• **TASK DETAILS**
Nothing but the lines from the first line of the material below through the line that holds "وما زال عُمرُ" should be set down, exactly and with pictures left out.

• **DATA BELOW**
▽

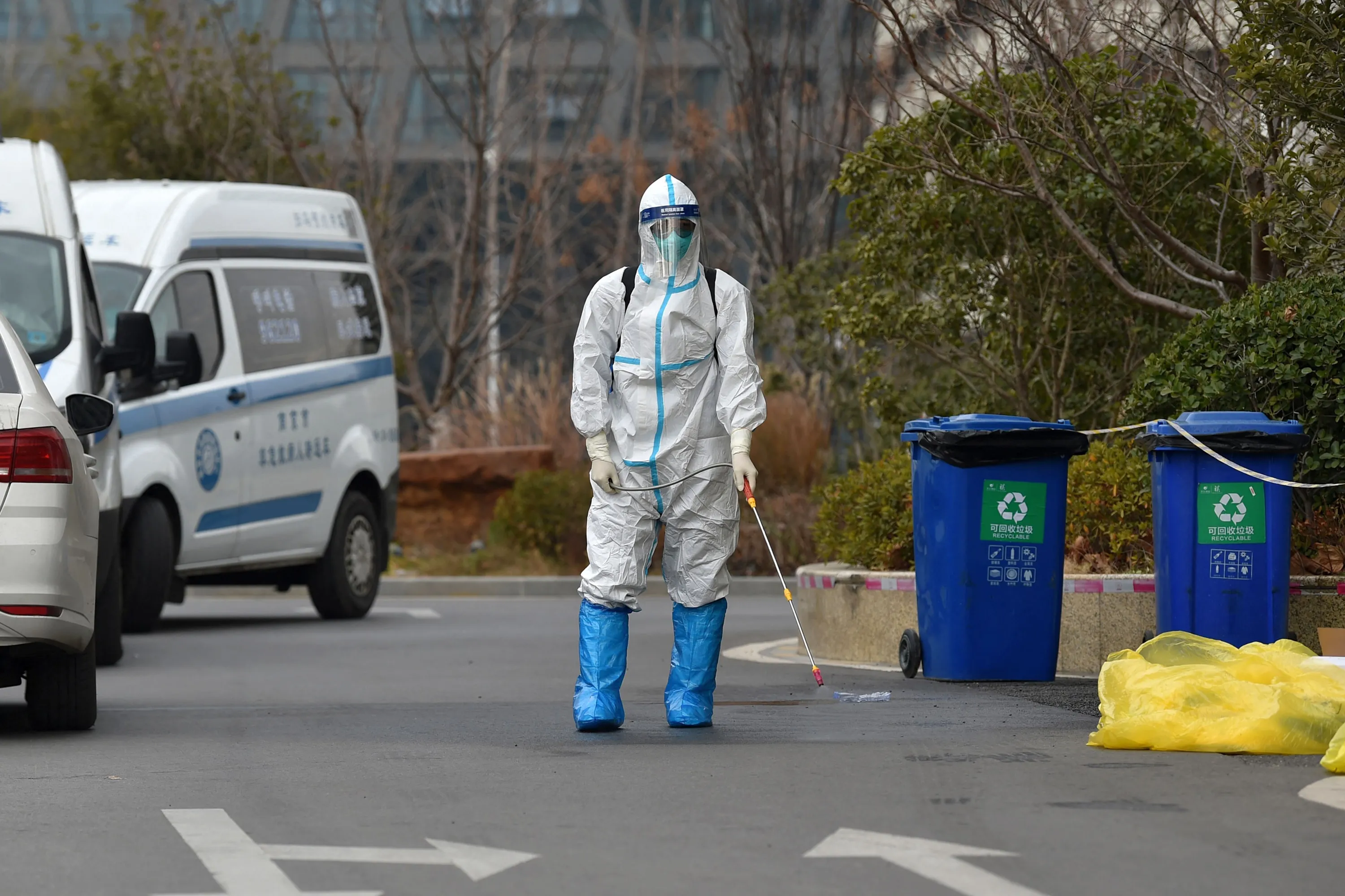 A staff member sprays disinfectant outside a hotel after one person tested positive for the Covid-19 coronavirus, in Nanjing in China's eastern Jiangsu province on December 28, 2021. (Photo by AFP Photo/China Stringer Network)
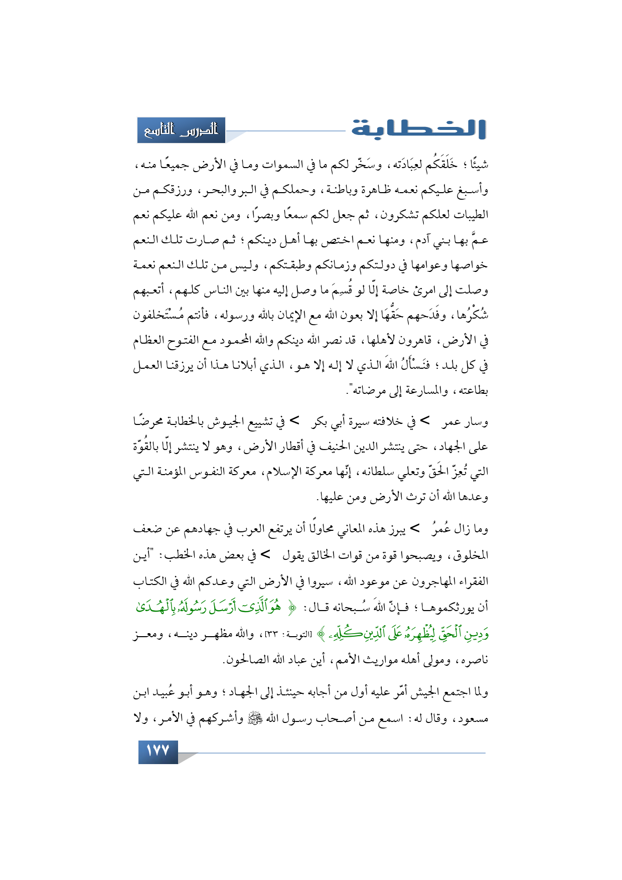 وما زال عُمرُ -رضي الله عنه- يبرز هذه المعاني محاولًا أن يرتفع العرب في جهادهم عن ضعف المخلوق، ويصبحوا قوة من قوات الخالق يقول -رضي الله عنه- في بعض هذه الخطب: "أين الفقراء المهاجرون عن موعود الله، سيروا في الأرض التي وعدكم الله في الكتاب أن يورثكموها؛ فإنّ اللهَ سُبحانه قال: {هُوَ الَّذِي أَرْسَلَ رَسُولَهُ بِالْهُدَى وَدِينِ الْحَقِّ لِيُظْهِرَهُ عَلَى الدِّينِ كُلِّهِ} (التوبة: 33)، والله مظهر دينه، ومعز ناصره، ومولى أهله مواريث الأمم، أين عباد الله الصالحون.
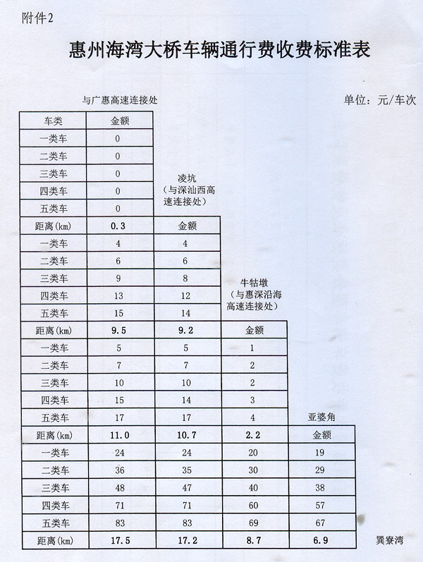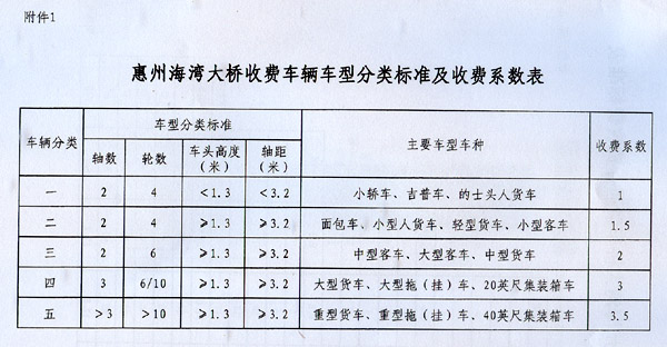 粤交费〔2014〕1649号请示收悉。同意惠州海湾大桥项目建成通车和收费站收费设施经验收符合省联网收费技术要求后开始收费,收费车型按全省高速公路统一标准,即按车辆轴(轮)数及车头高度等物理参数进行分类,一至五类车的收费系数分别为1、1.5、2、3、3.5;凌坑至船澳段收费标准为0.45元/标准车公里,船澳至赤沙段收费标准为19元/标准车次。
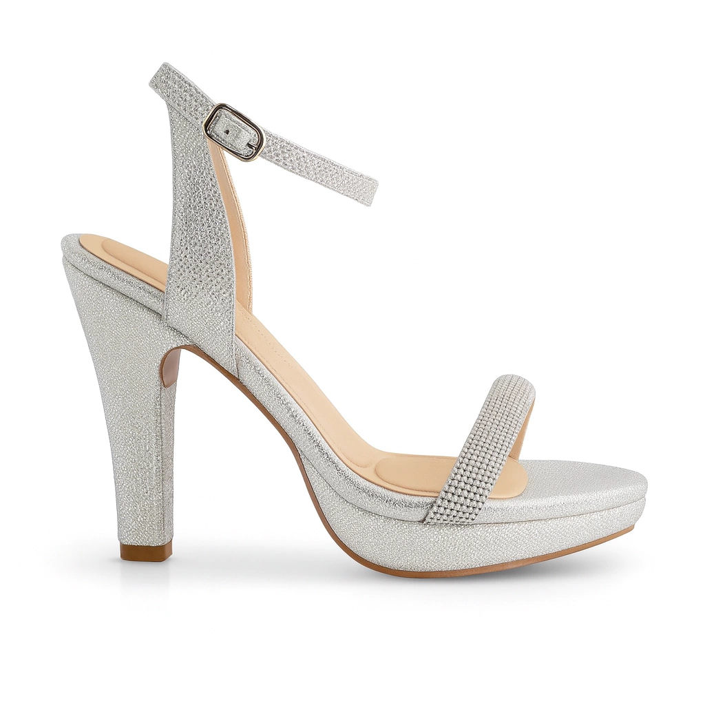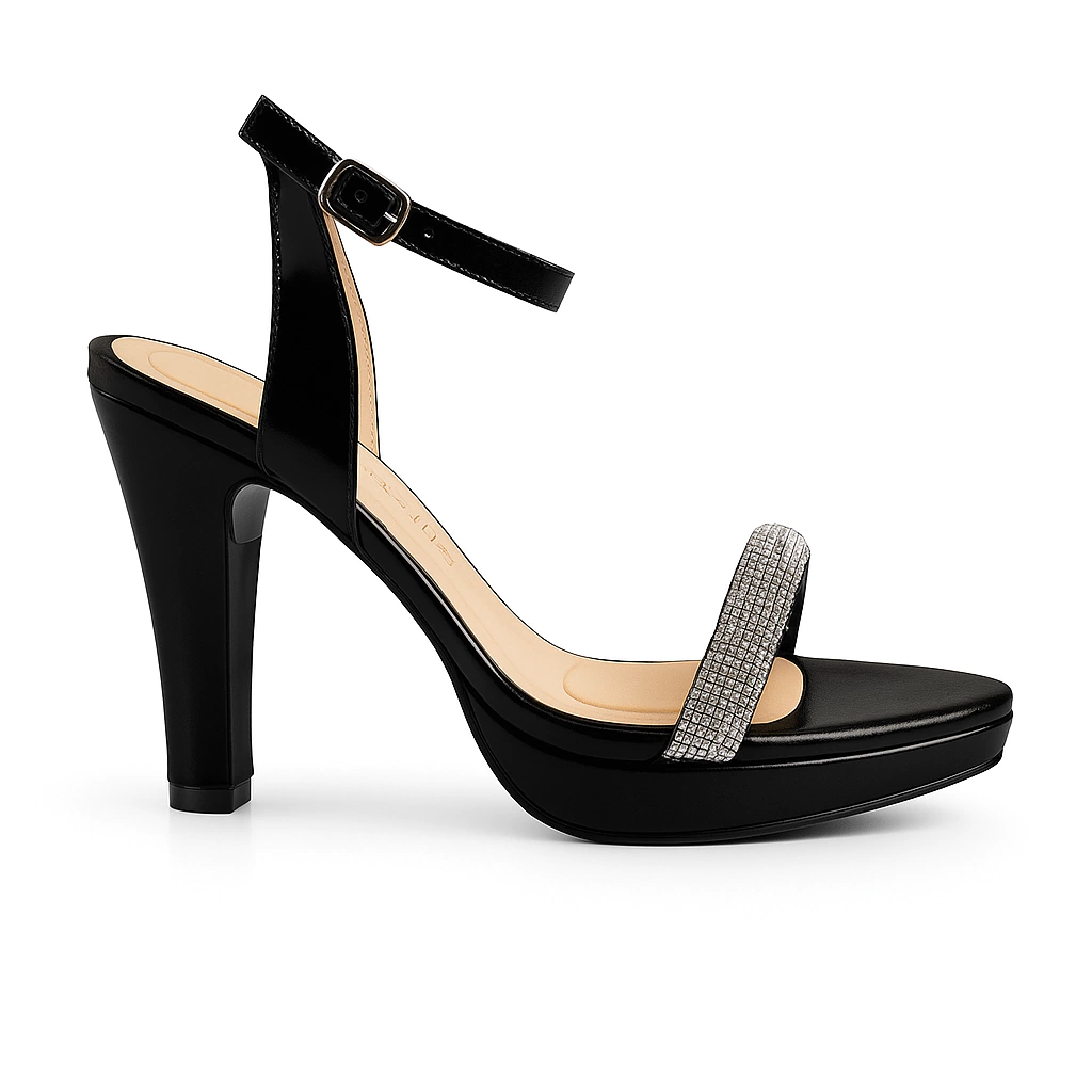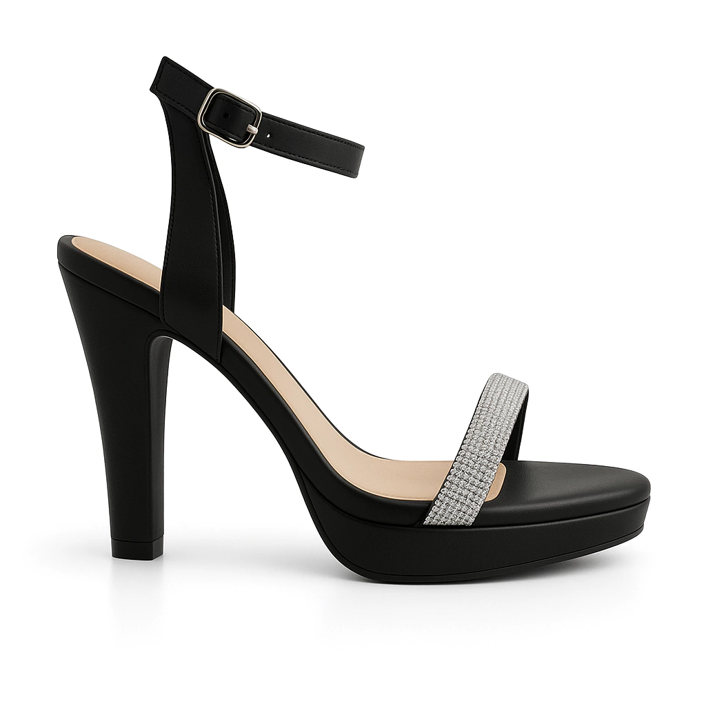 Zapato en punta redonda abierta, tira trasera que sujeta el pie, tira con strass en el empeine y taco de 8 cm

△

• **TASK SOLUTION**
 A staff member sprays disinfectant outside a hotel after one person tested positive for the Covid-19 coronavirus, in Nanjing in China's eastern Jiangsu province on December 28, 2021. (Photo by AFP Photo/China Stringer Network)
 وما زال عُمرُ -رضي الله عنه- يبرز هذه المعاني محاولًا أن يرتفع العرب في جهادهم عن ضعف المخلوق، ويصبحوا قوة من قوات الخالق يقول -رضي الله عنه- في بعض هذه الخطب: "أين الفقراء المهاجرون عن موعود الله، سيروا في الأرض التي وعدكم الله في الكتاب أن يورثكموها؛ فإنّ اللهَ سُبحانه قال: {هُوَ الَّذِي أَرْسَلَ رَسُولَهُ بِالْهُدَى وَدِينِ الْحَقِّ لِيُظْهِرَهُ عَلَى الدِّينِ كُلِّهِ} (التوبة: 33)، والله مظهر دينه، ومعز ناصره، ومولى أهله مواريث الأمم، أين عباد الله الصالحون.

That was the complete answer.